Data extracts:
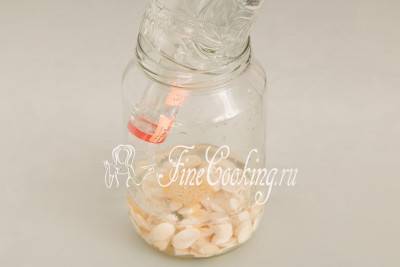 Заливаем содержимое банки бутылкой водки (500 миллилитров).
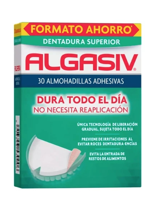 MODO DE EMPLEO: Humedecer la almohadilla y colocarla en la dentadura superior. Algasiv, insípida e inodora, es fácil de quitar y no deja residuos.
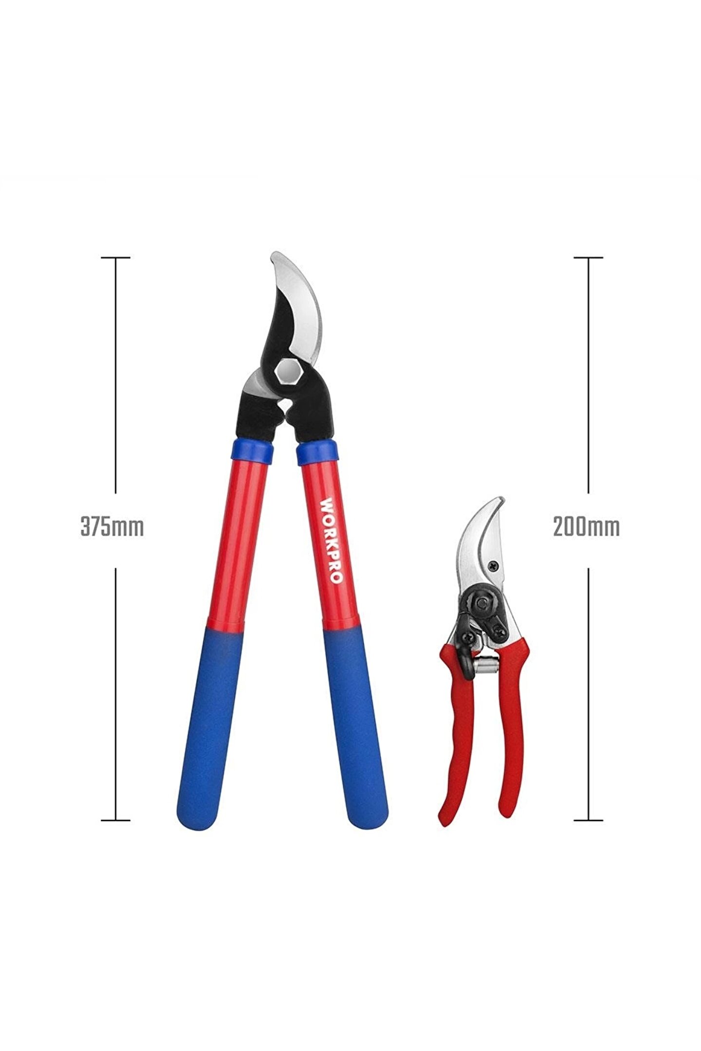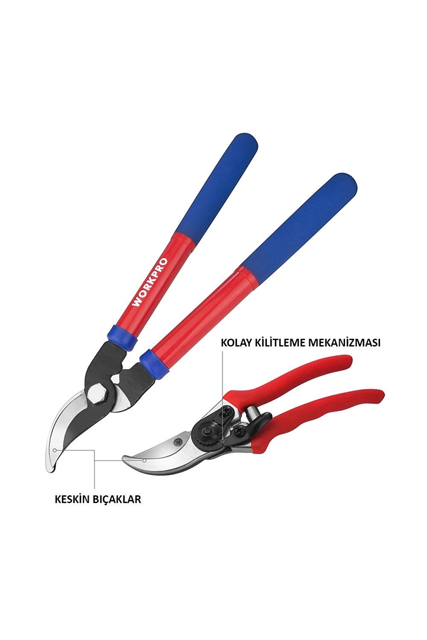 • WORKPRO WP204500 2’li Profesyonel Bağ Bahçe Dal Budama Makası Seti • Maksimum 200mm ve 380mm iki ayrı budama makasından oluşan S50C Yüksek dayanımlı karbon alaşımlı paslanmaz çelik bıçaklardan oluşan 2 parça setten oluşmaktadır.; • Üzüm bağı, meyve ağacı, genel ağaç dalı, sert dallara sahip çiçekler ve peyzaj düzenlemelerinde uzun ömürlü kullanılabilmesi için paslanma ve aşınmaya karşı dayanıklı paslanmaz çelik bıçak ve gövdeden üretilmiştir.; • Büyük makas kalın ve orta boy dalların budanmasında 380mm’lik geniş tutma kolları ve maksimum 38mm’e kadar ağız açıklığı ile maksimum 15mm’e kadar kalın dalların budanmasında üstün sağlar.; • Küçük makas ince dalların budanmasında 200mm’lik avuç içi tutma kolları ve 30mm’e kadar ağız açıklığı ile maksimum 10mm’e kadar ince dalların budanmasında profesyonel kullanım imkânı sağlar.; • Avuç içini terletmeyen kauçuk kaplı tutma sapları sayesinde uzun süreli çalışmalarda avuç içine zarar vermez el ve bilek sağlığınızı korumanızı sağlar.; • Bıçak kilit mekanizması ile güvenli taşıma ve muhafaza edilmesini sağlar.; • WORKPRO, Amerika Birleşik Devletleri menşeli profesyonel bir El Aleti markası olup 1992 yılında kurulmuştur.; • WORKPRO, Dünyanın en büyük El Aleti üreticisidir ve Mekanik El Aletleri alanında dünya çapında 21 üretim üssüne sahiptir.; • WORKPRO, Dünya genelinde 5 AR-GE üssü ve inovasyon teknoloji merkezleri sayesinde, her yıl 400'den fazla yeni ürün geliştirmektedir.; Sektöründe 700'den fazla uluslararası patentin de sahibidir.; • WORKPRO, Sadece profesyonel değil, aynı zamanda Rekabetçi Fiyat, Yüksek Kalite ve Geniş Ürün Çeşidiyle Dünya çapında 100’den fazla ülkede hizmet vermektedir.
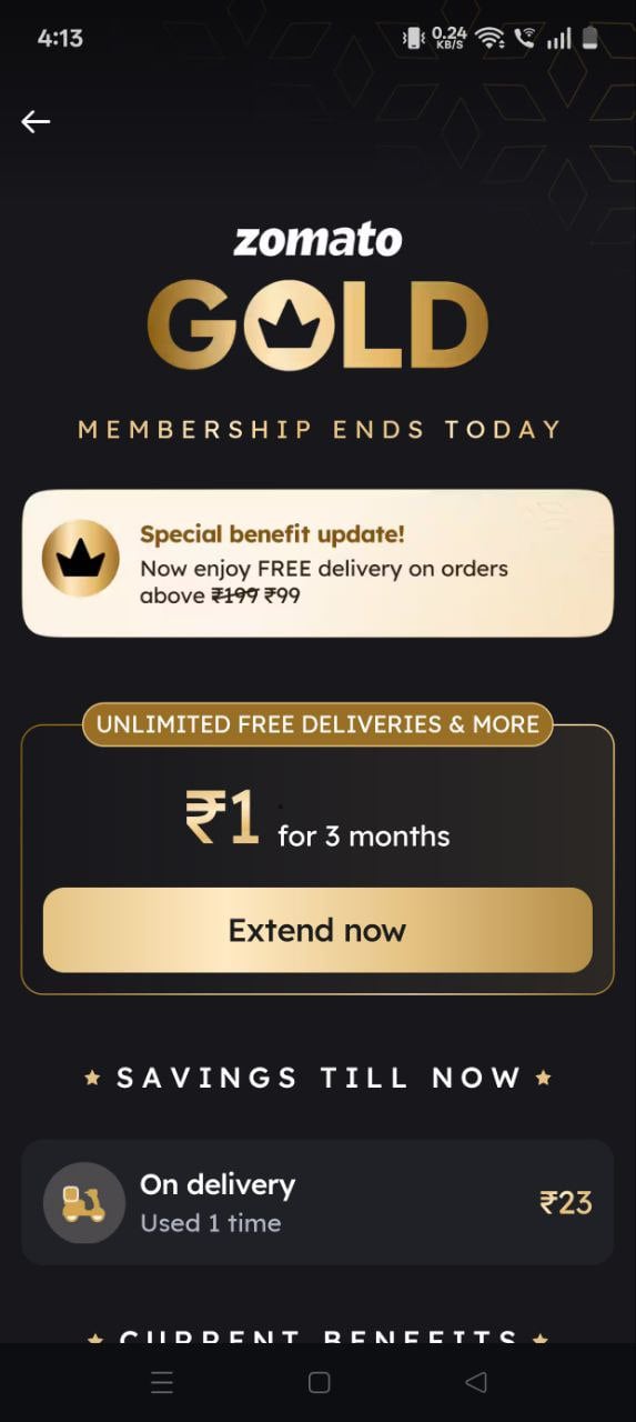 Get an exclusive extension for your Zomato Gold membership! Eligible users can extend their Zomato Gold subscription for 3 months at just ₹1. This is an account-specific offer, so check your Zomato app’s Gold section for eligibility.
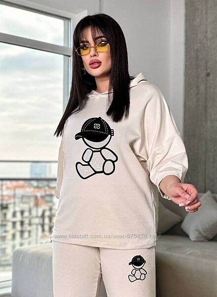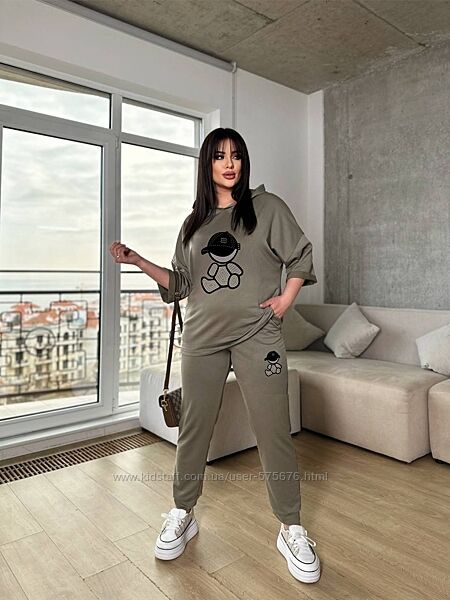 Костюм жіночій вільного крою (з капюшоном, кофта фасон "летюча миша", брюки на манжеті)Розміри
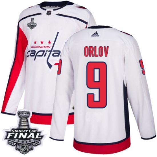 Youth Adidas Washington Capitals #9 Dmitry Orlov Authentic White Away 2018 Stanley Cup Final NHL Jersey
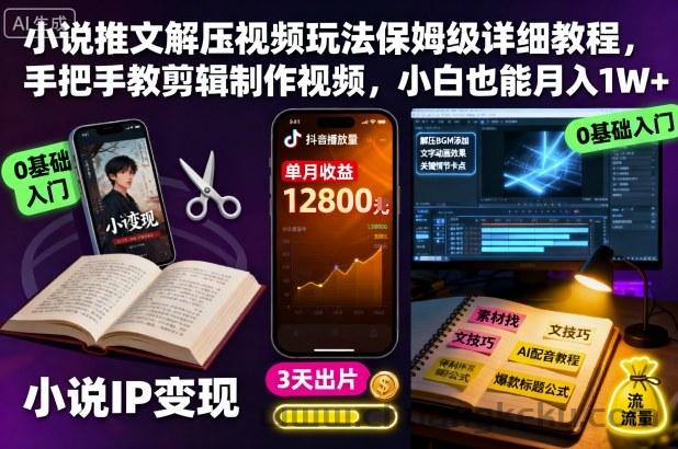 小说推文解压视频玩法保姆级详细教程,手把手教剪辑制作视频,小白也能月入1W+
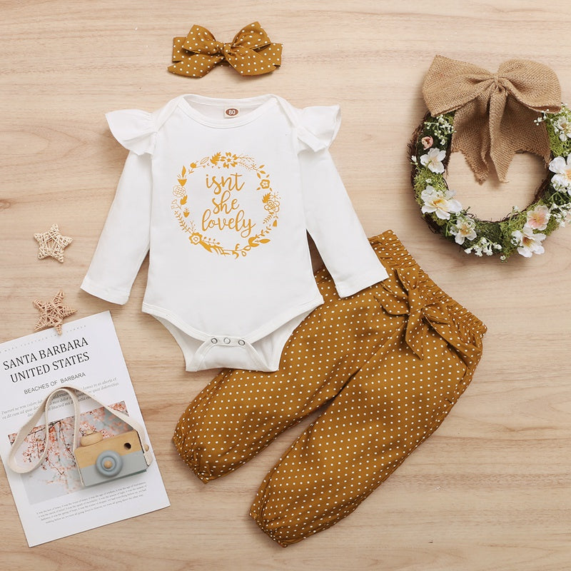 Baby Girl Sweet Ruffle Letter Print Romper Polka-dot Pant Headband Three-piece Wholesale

What this task involves: Exact repeats of the lines from the first one in the data through the line containing "MODO DE EMPLEO: Humedecer" make up the answer. Pictures do not.

Reply:
 Заливаем содержимое банки бутылкой водки (500 миллилитров).
 MODO DE EMPLEO: Humedecer la almohadilla y colocarla en la dentadura superior. Algasiv, insípida e inodora, es fácil de quitar y no deja residuos.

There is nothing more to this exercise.